# What is the product of prime numbers

### Prime factorization

You already know prime numbers: They are the numbers that have exactly two factors. Prime numbers are only divisible by 1 and by themselves.

The number 1 is not a prime number. It has only one factor, the 1.

These are all prime numbers that are less than 100:

$$2$$ $$3$$ $$5$$ $$7$$

$$11$$ $$13$$ $$17$$ $$19$$

$$23$$ $$29$$

$$31$$ $$37$$

$$41$$ $$43$$ $$47$$

$$53$$ $$59$$

$$61$$ $$67$$

$$71$$ $$73$$ $$79$$

$$83$$ $$89$$

$$97$$

You can write all natural numbers as the product of prime numbers. It doesn't sound that exciting at first, but it can be useful for arithmetic.

**Examples:**

The numbers 15 and 66 with their prime factorization:

$$15=3*5$$

$$66=2*3*11$$

To the right of $$ = $$ there are only prime numbers: 3 and 5 for the 15 or 2 and 3 and 11 for the 66.

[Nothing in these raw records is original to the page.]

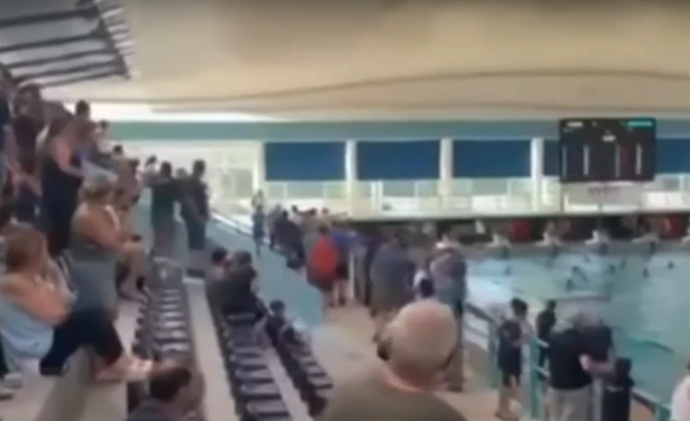 Σε βίντεο που κατέγραψαν αυτόπτες μάρτυρες φαίνονται ενήλικες να κρέμονται από τα κάγκελα του κολυμβητηρίου και να καταφέρονται κατά των ανήλικων παιδιών.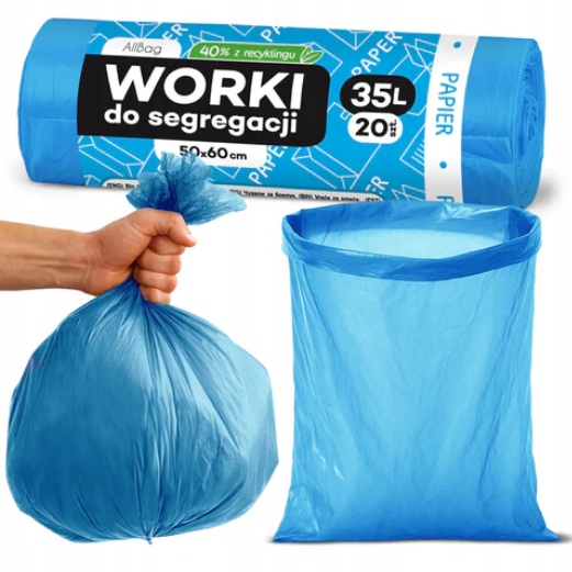 WORKI NA ŚMIECI 35L 20szt. niebieskie do segregacji na papier 9 mikronów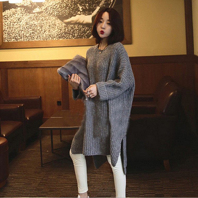 歐洲站2015秋冬歐美大牌長款寬松蝙蝠袖純色圓領套頭毛衣女 /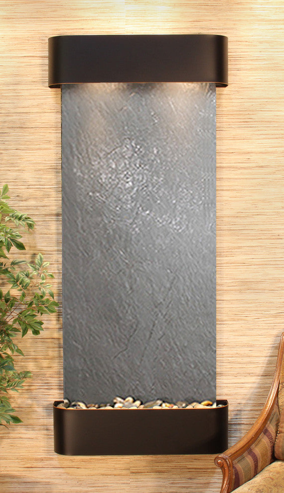 The Inspiration Falls Water Fountain by Adagio Water Features brings peace and tranquility to your home. This vertical wall water fountain adds the majesty of a waterfall along with the beauty and calming effects of running water to your living room, den, family room, front entryway, or any other room in your home. Imagine coming in from a long day at work or play and being able to sit and relax as you listen to your own personal water feature. With the many metal trim and water surface options available, you are sure to find just the right one for your space.30" L x 69" H x 6" D, easy to hang, complete with colored instructions and hardware for hanging on a sheetrock wall. Hanging Weight 100 lbs. This unit includes: 3 halogen light Polished river rocks Electric pump 3-way pull chain that allows you to run just lights, just water, or lights and water. Welded plastic liner insures against leaking and unique water distribution unit system will not clog. 110V, 100W; one cord operates entire unit; 90 degree plug can be concealed behind water feature. Durable powder coat finish; Manufactured and assembled in the USA with a 1 year limited warranty. • This light-weight slate veneer known as FeatherStone is natural stone and therefore may differ in color and texture from the photos shown.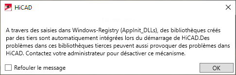 Si vous souhaitez que ce message ne soit plus affiché aux prochains démarrages de HiCAD, activez la case Ne plus afficher ce message. Le cas échéant, veuillez en discuter avec votre administrateur. Le message ne réapparaîtra que dans le cas où la valeur Registry (de l'Éditeur du Registre) a été modifiée ; autrement dit, quand d'autres fichiers DLL auront été chargés ! Pour ré-afficher ce message indépendamment de cette dernière action, il est possible dans le Registry de Windows sous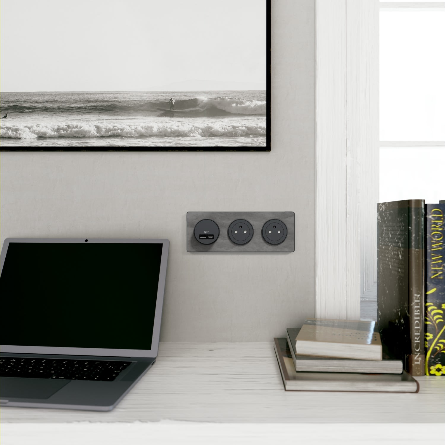 Schneider Electric - Odace Touch - plaque 3 postes horiz/ver 71mm ardoise avec liseré anthracite - S540806V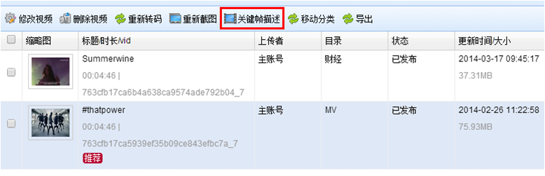 ) — 选中视频 — 视频列表上方找到关键帧描述,如下图: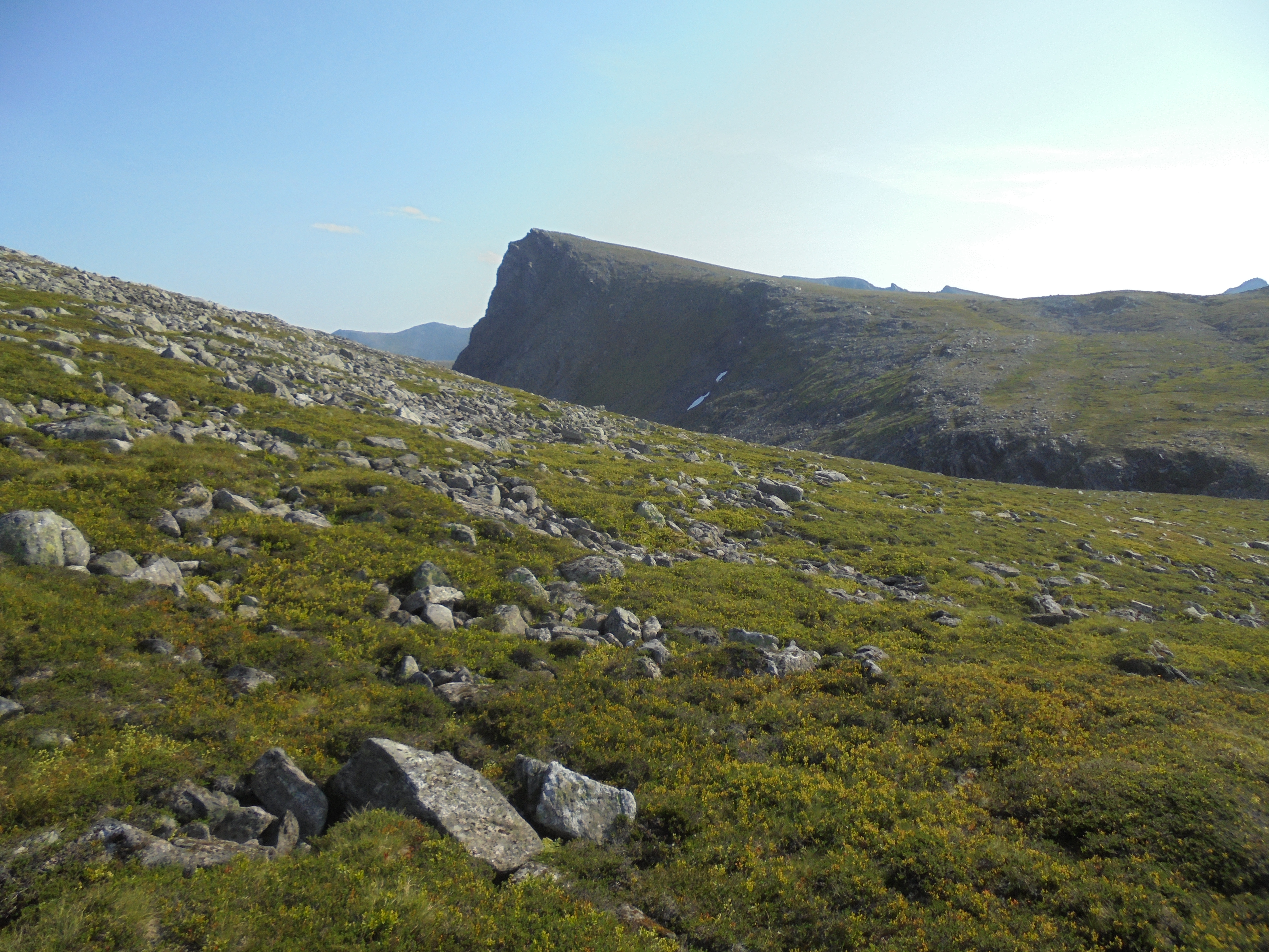 Ser mot Blåfjellet. Går mot høgre rundt skaret i bildet.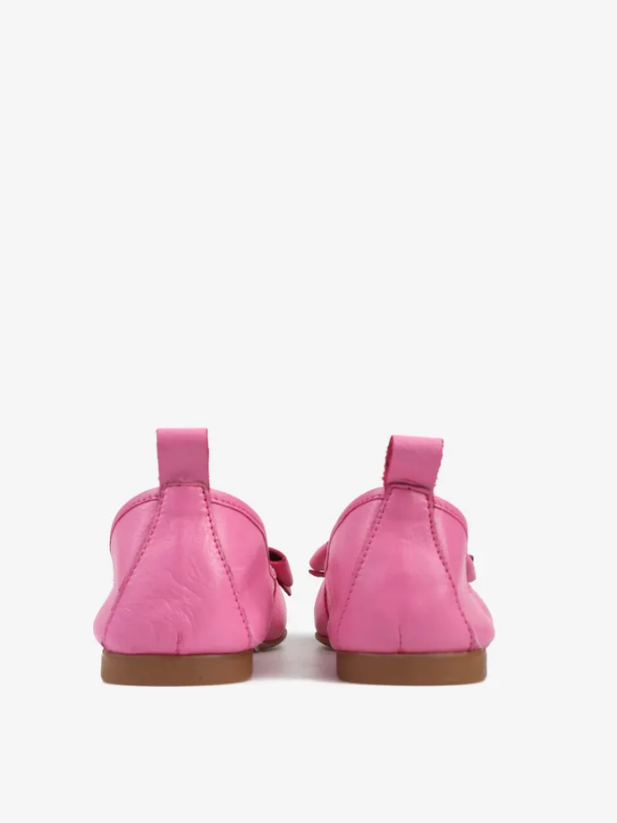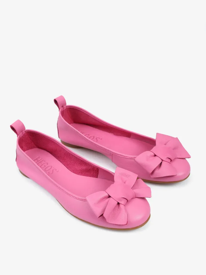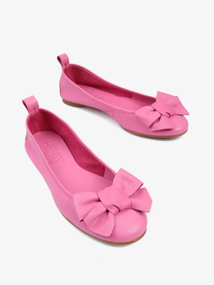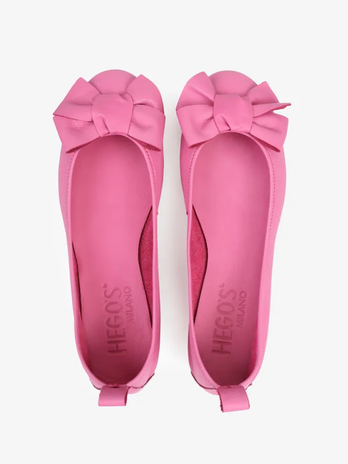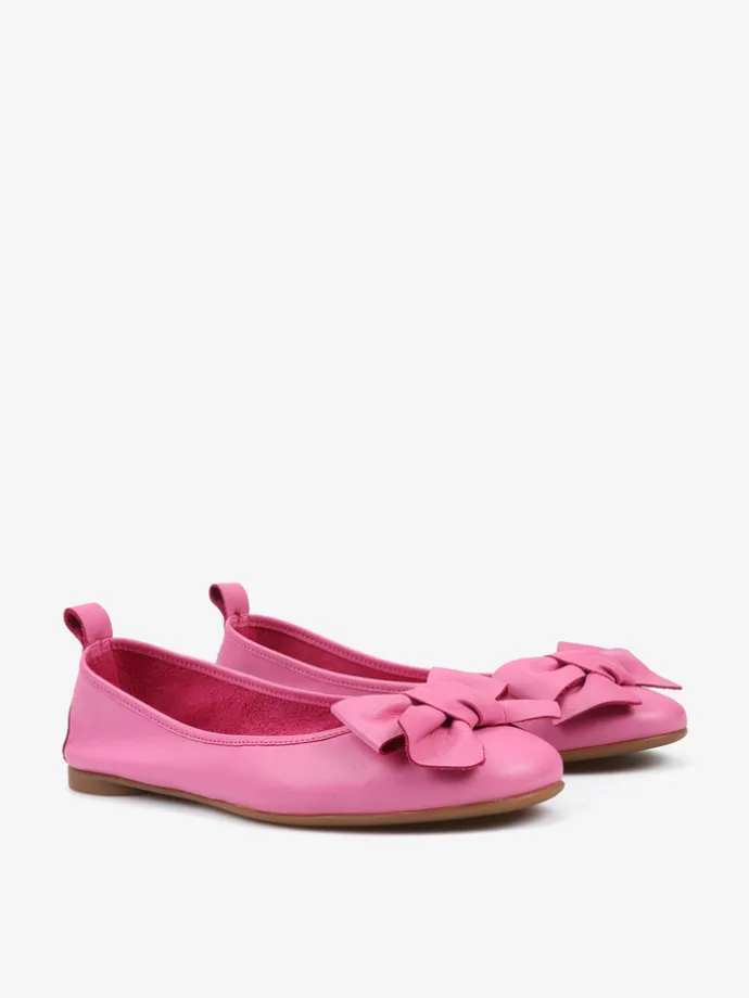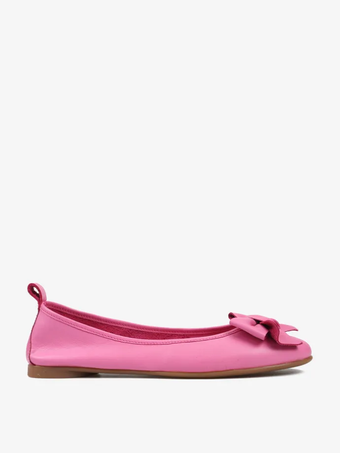 Baleriny wykonane z delikatnej, miękkiej skóry. Okrągły nosek ze skórzaną kokarda.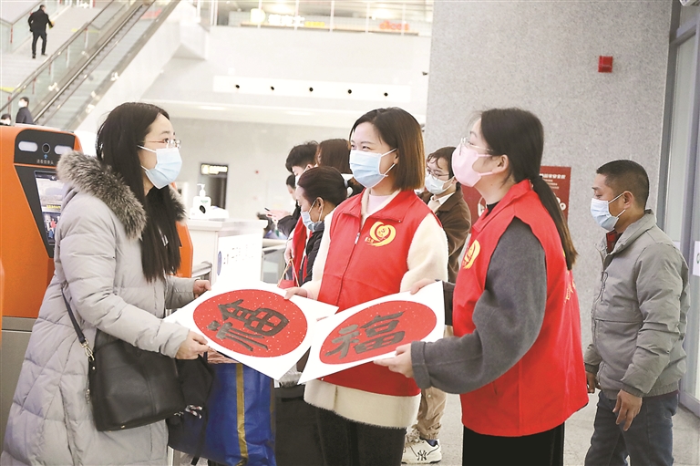 1月13日,杭州,党员志愿者在桐庐高铁站为旅客送“福”字。(图片来源:视觉中国)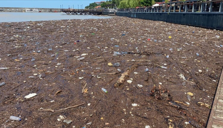 In Zonguldak, das inmitten der von Überschwemmungen betroffenen Provinzen liegt, wurden die Abfälle ins Meer geschleppt, nachdem der Regenguss zu einer Verschmutzung des Hafengebiets geführt hatte.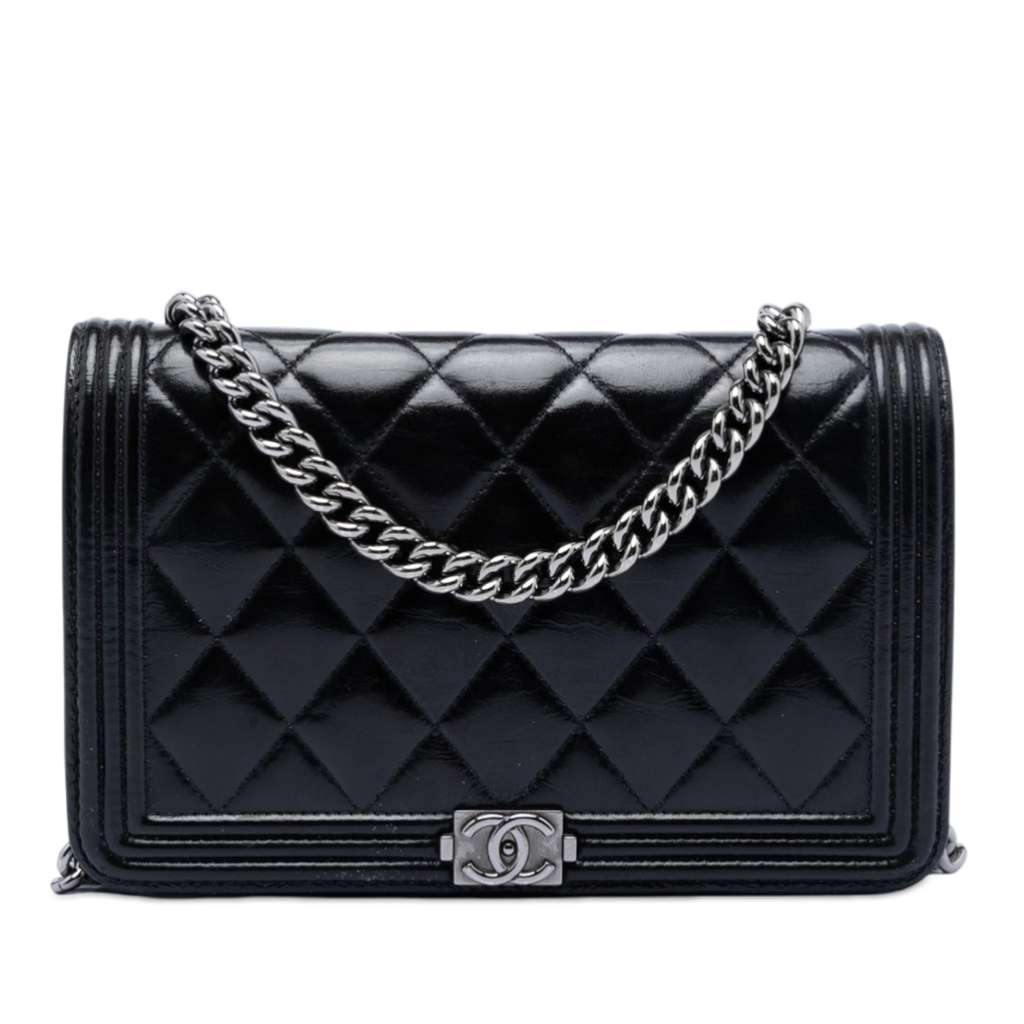 Chanel Quilted Shiny Aged Calfskin Boy Wallet On Chain Black

Any natural number that is not itself a prime number can be broken down into a product of prime numbers.

### Find the prime factorization yourself

How do you find the prime factorization of a number?

Exercise: Write 108 as the product of prime numbers.

Find a number that 108 is divisible by. 108 is an even number, so it's divisible by 2.

$$108 = 2*54$$

54 is also straight. So divide 54 by 2.

$$108 = 2*2*27$$

The number 27 is divisible by 3. Divide 27 by 3.

$$108 = 2*2*3*9$$

The number 9 is divisible by 3

$$108=2 * 2 * 3 * 3 * 3$$

You cannot break down the factors on the right. These are all prime numbers now.

Write down the prime factorization even more briefly: with the power notation.

$$108 = 2^2* 3^3$$

You look good at a number

- whether it is divisible by 2: last digit is even
- whether it is divisible by 5: last digit 0 or 5
- whether it is divisible by 10: last digit 0
- whether it is divisible by 3: checksum by 3

If a factor occurs several times, use the power notation.

Example:

$$100 = 2^2 * 5^2$$.

You know what?

$$4^3 = 4 * 4 * 4$$

└──┬─┘

$$ 3 $$ - times the factor $$ 4 $$

Powers always look like this:

Read: 4 to the power of 3

### Different calculation methods

There are different ways of calculating to find the prime factorization.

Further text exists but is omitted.